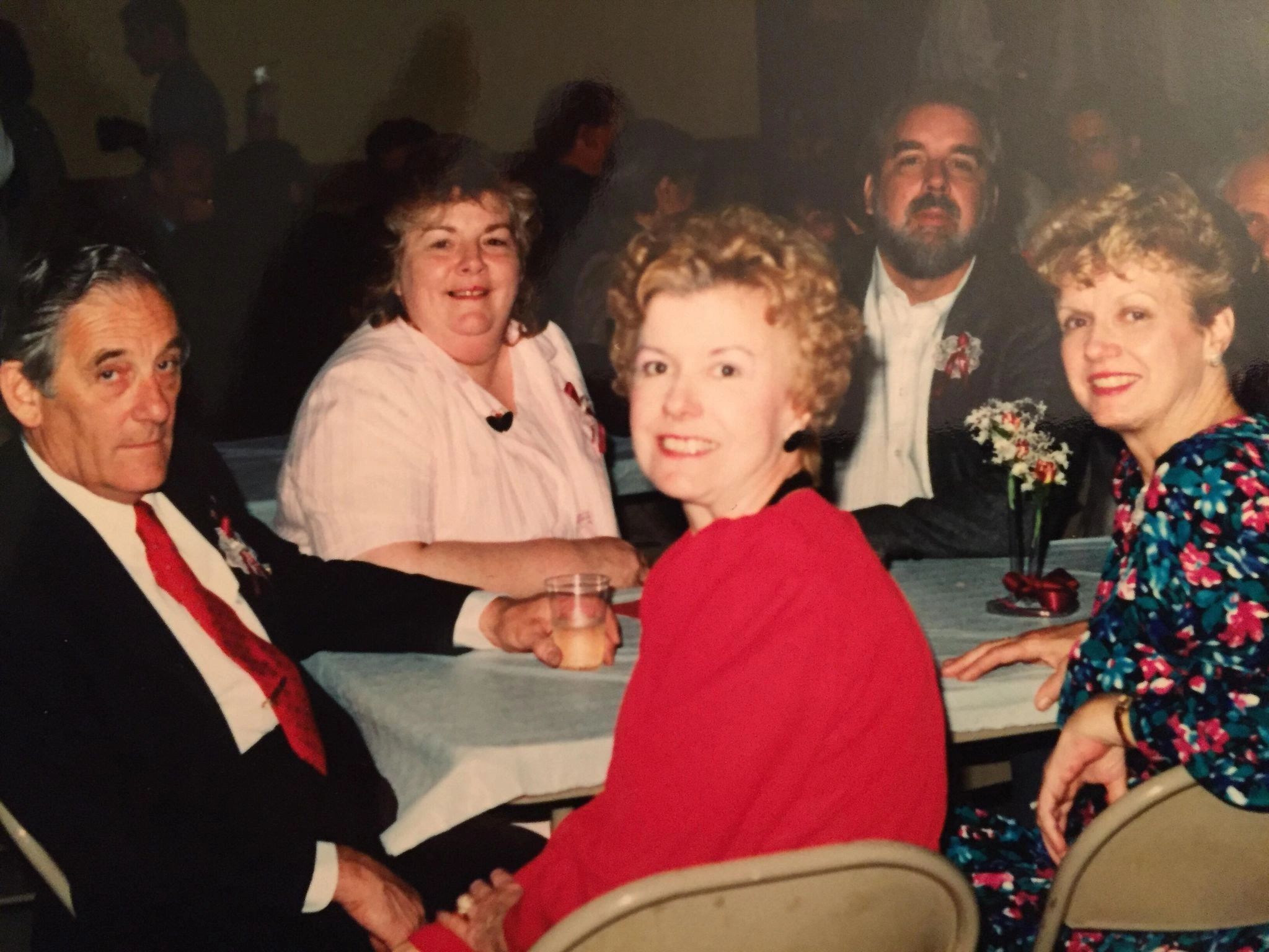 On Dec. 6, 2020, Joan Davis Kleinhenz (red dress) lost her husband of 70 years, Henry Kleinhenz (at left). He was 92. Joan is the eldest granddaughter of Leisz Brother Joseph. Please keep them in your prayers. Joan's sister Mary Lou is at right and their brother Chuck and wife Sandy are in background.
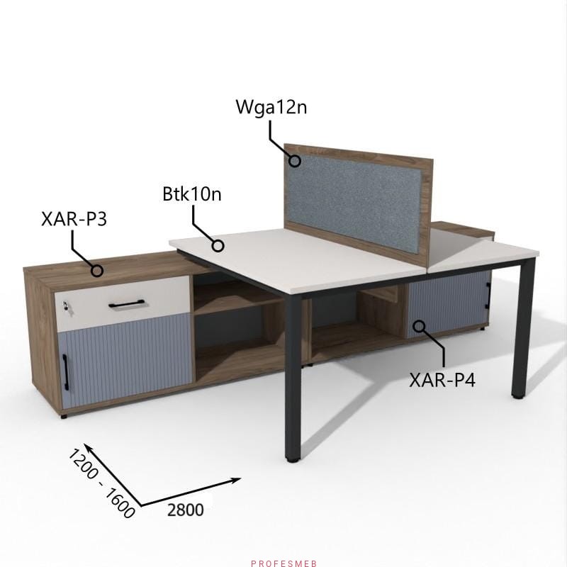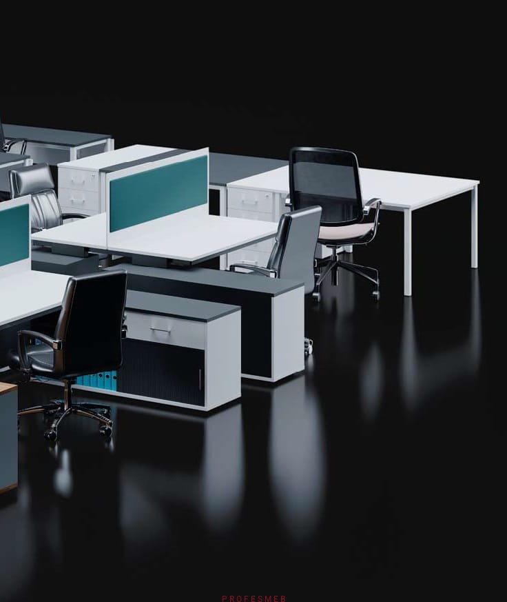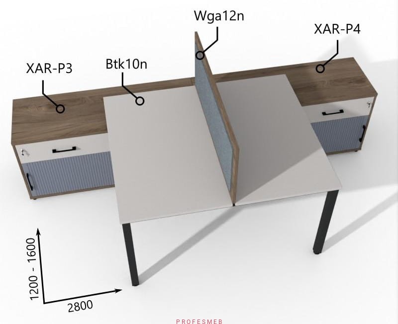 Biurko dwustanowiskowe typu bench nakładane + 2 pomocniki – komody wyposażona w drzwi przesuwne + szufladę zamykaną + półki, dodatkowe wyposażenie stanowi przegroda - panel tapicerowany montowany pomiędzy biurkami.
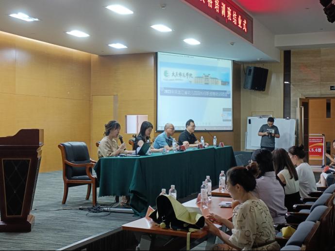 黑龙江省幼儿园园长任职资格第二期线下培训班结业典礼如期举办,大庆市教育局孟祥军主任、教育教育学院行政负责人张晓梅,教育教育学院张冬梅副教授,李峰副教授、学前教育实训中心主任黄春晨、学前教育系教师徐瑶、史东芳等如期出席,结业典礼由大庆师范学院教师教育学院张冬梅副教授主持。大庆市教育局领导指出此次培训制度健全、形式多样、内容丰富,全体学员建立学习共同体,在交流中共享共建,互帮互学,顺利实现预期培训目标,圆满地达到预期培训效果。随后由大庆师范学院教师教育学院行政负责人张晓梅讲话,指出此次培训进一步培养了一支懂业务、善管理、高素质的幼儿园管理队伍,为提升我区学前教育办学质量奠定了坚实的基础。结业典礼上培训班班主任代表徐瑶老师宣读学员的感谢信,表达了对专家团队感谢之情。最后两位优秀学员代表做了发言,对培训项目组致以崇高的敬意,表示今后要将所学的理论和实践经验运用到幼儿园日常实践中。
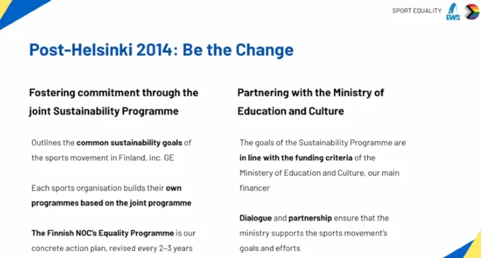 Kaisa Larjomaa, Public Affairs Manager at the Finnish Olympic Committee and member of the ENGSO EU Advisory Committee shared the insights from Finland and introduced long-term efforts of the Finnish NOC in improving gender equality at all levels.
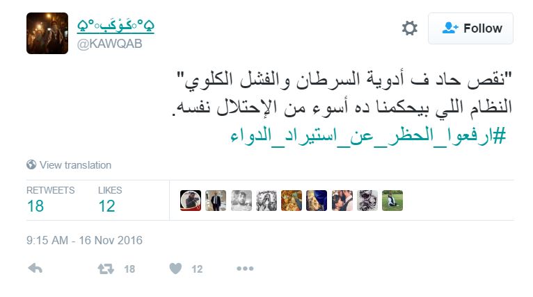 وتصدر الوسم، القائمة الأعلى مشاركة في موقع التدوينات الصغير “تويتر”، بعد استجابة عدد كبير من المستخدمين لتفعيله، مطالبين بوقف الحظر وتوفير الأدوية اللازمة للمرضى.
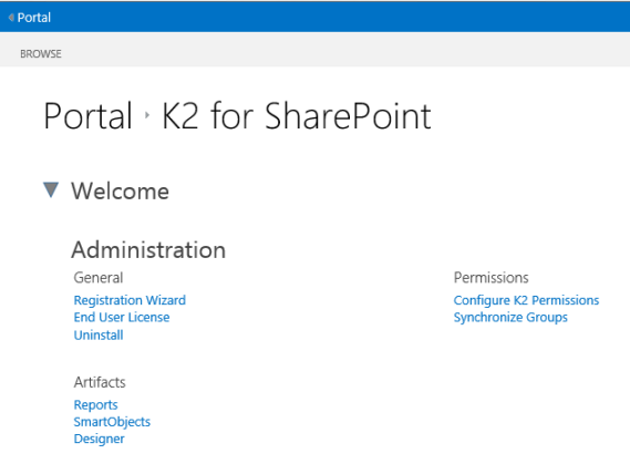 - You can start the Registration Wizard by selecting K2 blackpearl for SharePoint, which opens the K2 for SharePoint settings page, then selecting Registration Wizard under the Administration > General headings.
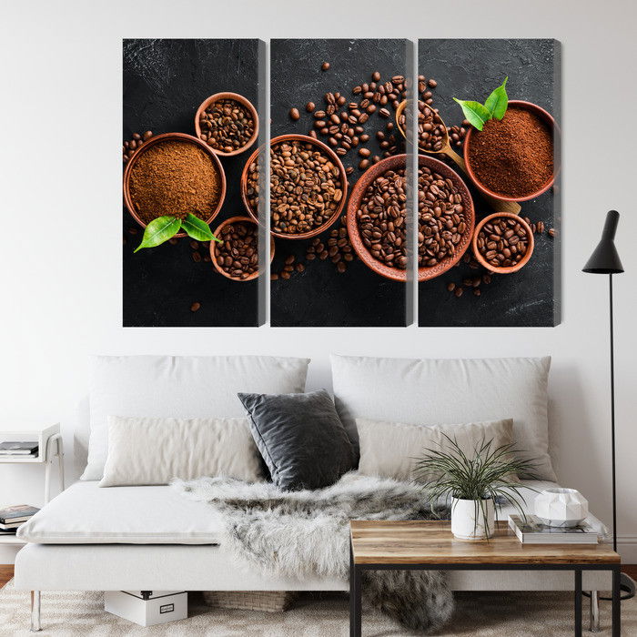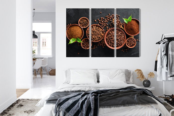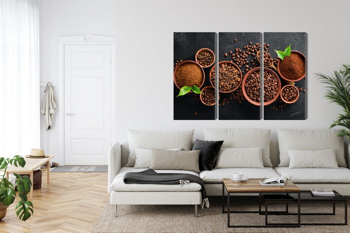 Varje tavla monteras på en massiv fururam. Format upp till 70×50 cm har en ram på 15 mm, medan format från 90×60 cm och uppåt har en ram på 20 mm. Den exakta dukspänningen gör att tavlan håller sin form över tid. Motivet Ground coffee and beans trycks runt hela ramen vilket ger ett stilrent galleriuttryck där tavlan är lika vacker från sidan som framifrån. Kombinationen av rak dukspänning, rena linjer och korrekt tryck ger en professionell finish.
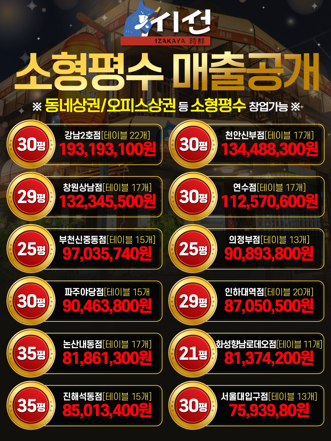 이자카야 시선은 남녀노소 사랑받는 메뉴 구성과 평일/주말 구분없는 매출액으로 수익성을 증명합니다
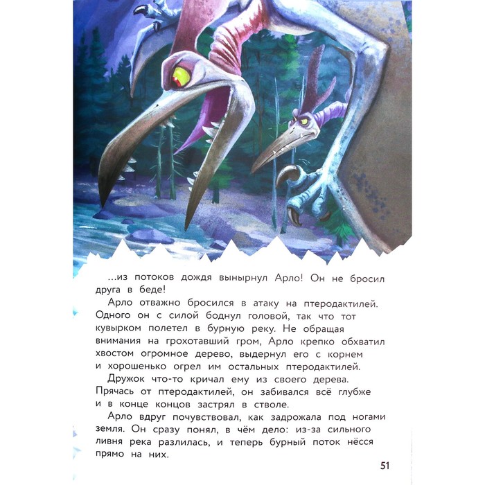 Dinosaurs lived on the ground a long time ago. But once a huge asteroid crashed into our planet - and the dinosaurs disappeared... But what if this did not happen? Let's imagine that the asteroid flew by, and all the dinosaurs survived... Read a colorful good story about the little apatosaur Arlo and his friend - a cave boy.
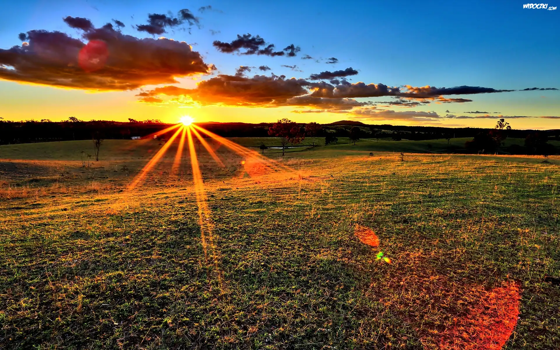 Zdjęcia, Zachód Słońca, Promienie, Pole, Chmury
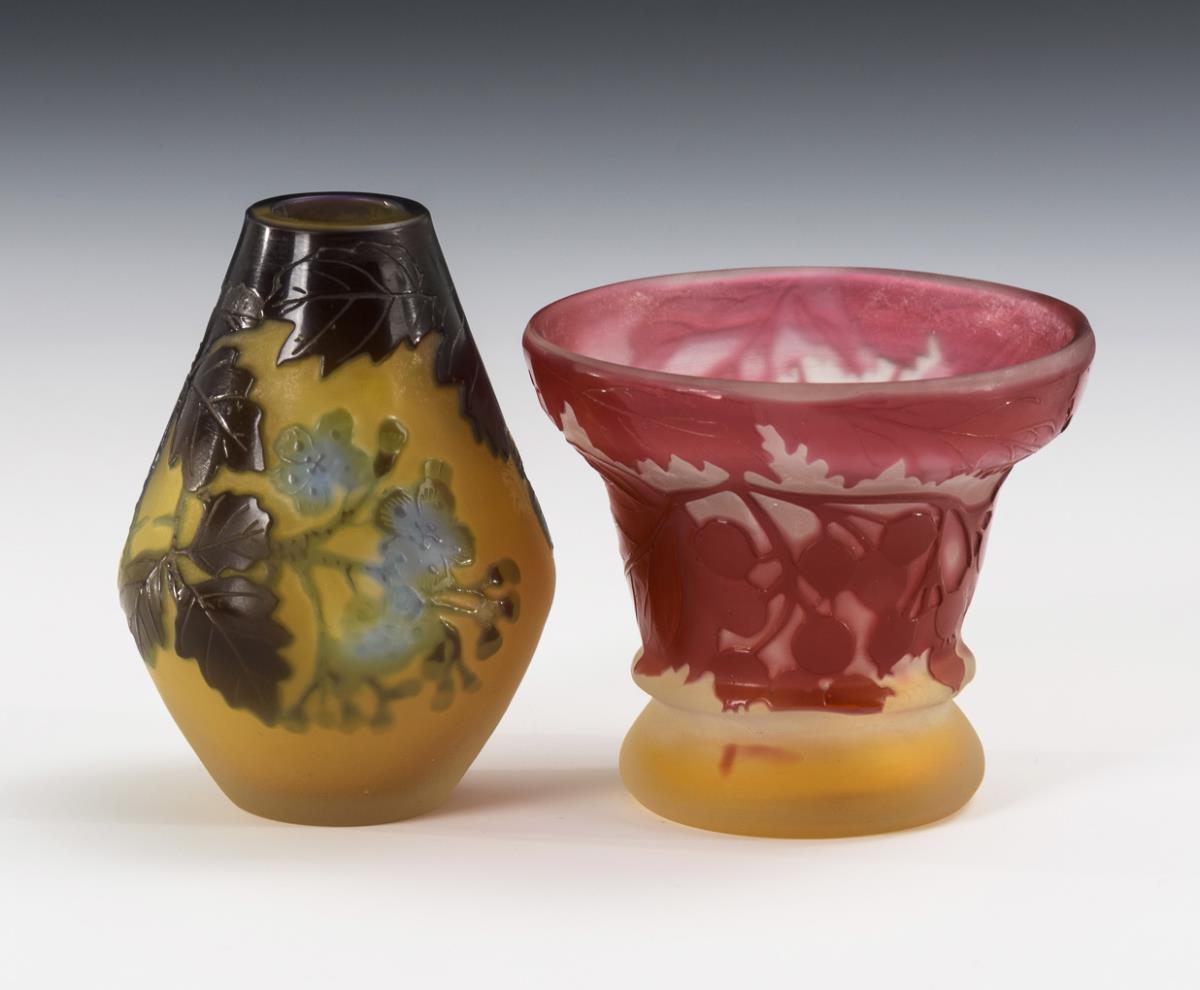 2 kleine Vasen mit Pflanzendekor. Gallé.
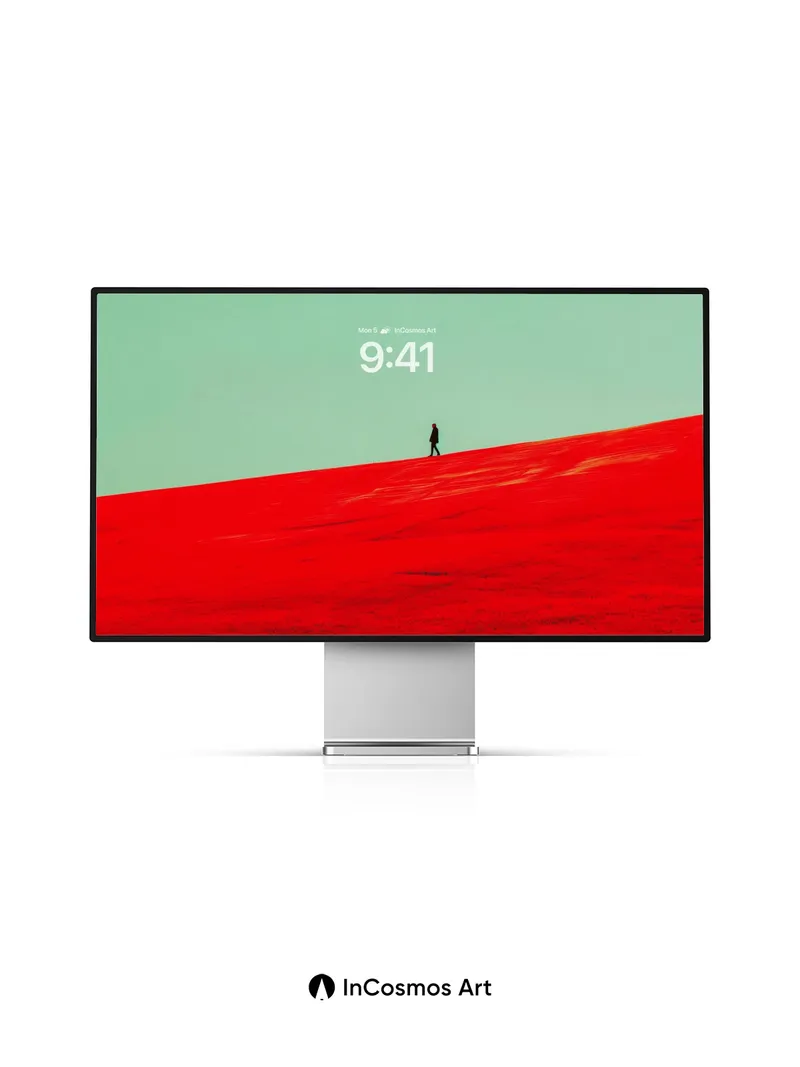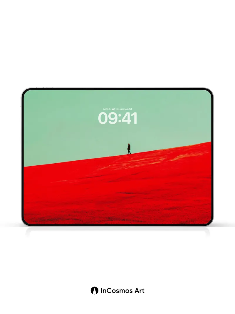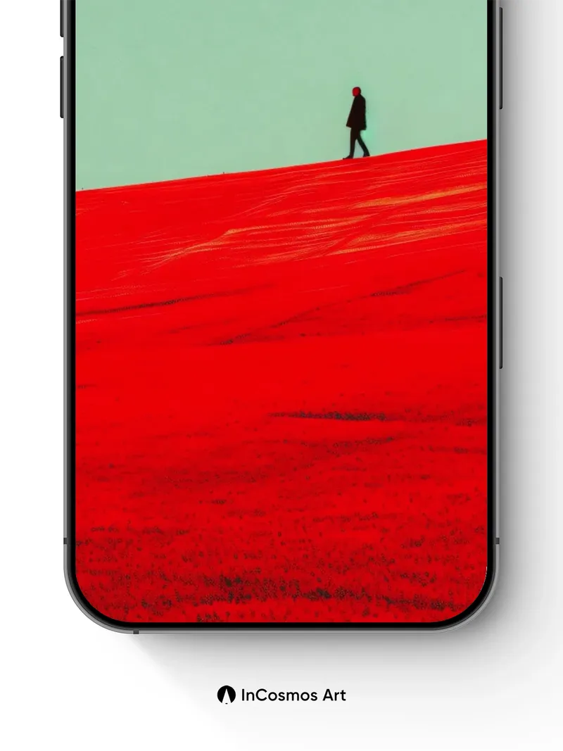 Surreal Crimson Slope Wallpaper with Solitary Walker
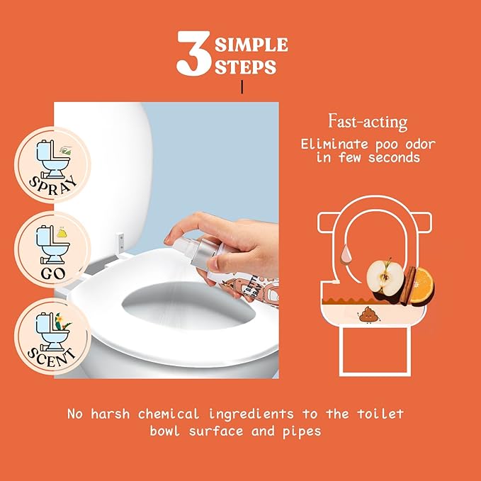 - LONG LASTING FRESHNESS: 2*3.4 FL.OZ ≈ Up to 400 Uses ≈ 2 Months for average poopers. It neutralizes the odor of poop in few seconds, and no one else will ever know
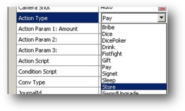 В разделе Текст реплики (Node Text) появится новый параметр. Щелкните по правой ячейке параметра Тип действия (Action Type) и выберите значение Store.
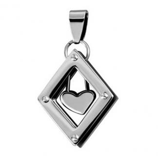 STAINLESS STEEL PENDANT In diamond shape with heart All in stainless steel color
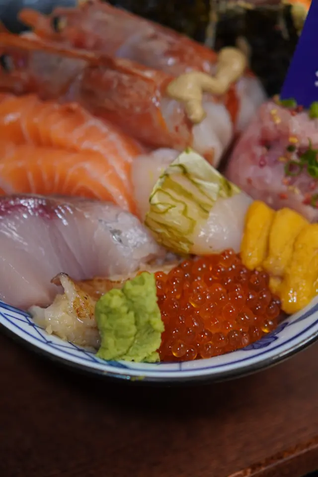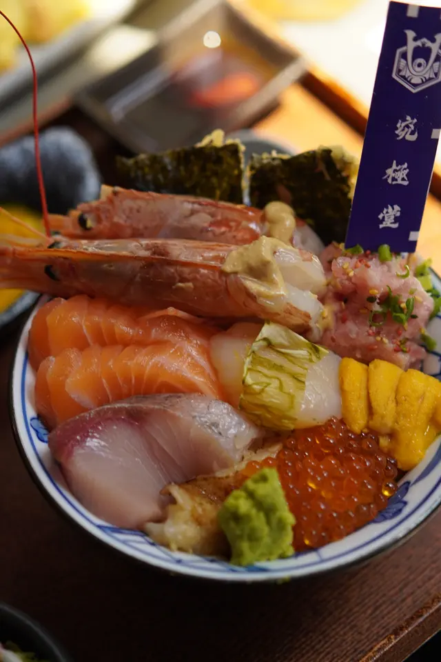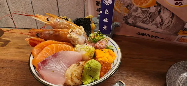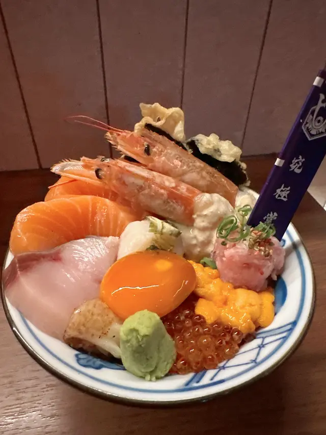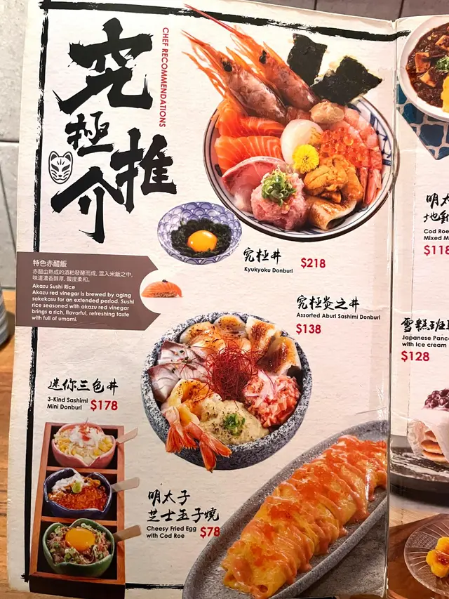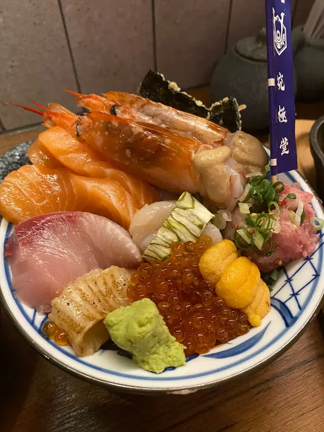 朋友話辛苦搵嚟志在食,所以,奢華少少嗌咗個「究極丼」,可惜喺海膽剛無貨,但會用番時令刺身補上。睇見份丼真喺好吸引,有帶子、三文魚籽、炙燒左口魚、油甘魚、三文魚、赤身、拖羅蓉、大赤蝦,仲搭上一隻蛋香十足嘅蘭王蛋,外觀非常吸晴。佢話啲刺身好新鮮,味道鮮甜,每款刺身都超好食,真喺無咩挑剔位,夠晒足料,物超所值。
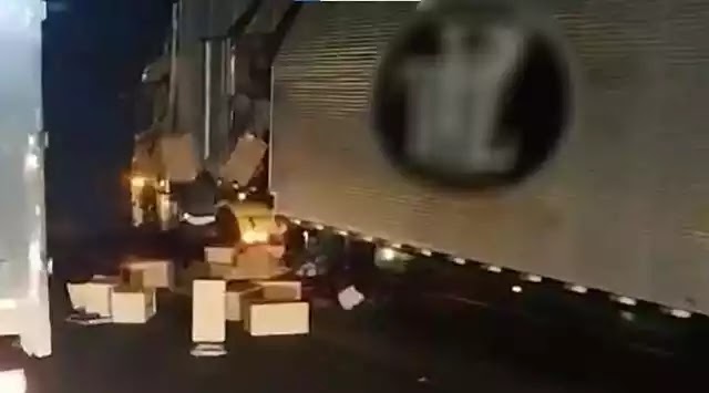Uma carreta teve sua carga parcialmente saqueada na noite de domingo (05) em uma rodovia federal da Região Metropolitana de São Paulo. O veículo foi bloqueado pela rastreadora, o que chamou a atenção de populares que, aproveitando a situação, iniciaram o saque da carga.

......

The copy must begin at the line containing "Surreal Crimson Slope" and end at the last line of the data above, with every line retyped exactly and no pictures included.

ANSWER BOX:
 Surreal Crimson Slope Wallpaper with Solitary Walker
 - LONG LASTING FRESHNESS: 2*3.4 FL.OZ ≈ Up to 400 Uses ≈ 2 Months for average poopers. It neutralizes the odor of poop in few seconds, and no one else will ever know
 В разделе Текст реплики (Node Text) появится новый параметр. Щелкните по правой ячейке параметра Тип действия (Action Type) и выберите значение Store.
 STAINLESS STEEL PENDANT In diamond shape with heart All in stainless steel color
 朋友話辛苦搵嚟志在食,所以,奢華少少嗌咗個「究極丼」,可惜喺海膽剛無貨,但會用番時令刺身補上。睇見份丼真喺好吸引,有帶子、三文魚籽、炙燒左口魚、油甘魚、三文魚、赤身、拖羅蓉、大赤蝦,仲搭上一隻蛋香十足嘅蘭王蛋,外觀非常吸晴。佢話啲刺身好新鮮,味道鮮甜,每款刺身都超好食,真喺無咩挑剔位,夠晒足料,物超所值。
Uma carreta teve sua carga parcialmente saqueada na noite de domingo (05) em uma rodovia federal da Região Metropolitana de São Paulo. O veículo foi bloqueado pela rastreadora, o que chamou a atenção de populares que, aproveitando a situação, iniciaram o saque da carga.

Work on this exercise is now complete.